In Bukō Yawa, Nobunaga built a palace in Komakiyama Castle, which he built as a base for his Mino campaign, to welcome Kitsuno. When Nobunaga learnt that Kitsuno was unwell, he went to the Ikoma residence, placed her in a palanquin and personally escorted her to Komakiyama Castle. Nobunaga visited her frequently, but her illness did not improve and she died at the age of 39 in 1566, a year after moving to Komakiyama Castle. When Kitsuno died, Nobunaga is said to have wept for three days and three nights without being seen. These episodes made Ikoma Kitsuno famous as 'the woman most loved by Nobunaga'.

Bukō Yawa also states that at Ikoma Mansion, where Nobunaga and Kitsuno met, there were various other encounters that had a great impact on later generations. For example, it is said that it was here that Hachisuka Koroku, who was related to the Ikoma family, met Hashiba Hideyoshi, who he later served. There is also an anecdote that it was Kitsuno who introduced Hideyoshi to Nobunaga.

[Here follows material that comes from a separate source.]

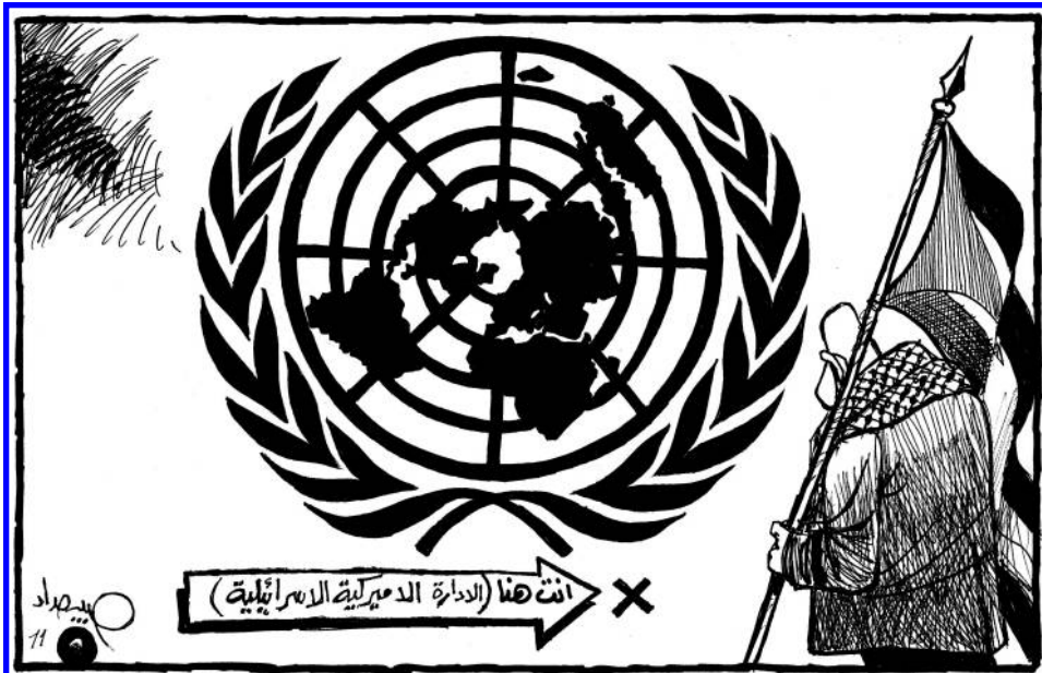
“The American-Israeli Administration” shows the position of Palestine at the UN. (27 May 2011)

However, there is no similar description in the Ikoma family archives that provided information to Bukō Yawa authors, nor in other historical documents, and either episodes are considered to be later creations.

Meanwhile, a document from Kyūshō-ji, Kitsuno's family temple, mentions that Nobunaga climbed the turret of Komakiyama Castle and wept as he gazed into the smoke of her cremation.